## Dataset content
*** Block opens ***

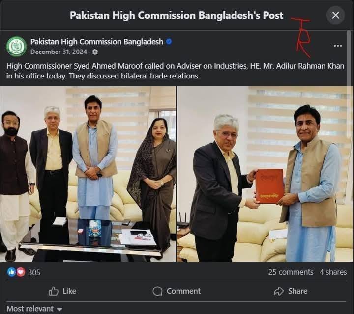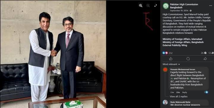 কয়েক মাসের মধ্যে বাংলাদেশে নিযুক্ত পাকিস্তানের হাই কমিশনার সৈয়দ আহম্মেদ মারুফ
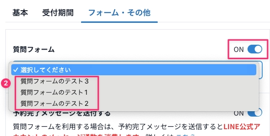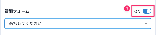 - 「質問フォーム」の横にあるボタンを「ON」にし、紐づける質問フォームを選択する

*** Block closes ***
*** Block opens ***

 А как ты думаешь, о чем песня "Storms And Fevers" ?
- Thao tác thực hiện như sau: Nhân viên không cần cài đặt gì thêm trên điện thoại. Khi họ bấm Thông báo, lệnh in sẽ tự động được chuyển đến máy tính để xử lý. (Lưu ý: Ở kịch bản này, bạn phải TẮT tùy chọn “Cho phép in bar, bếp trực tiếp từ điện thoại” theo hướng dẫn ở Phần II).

*** Block closes ***

## Required work
Print the line above containing "কয়েক মাসের মধ্যে", the line containing "- 「質問フォーム」の横にあ", and everything between them, exactly as written. Pictures stay out.

## Answer for this exercise
 কয়েক মাসের মধ্যে বাংলাদেশে নিযুক্ত পাকিস্তানের হাই কমিশনার সৈয়দ আহম্মেদ মারুফ
 - 「質問フォーム」の横にあるボタンを「ON」にし、紐づける質問フォームを選択する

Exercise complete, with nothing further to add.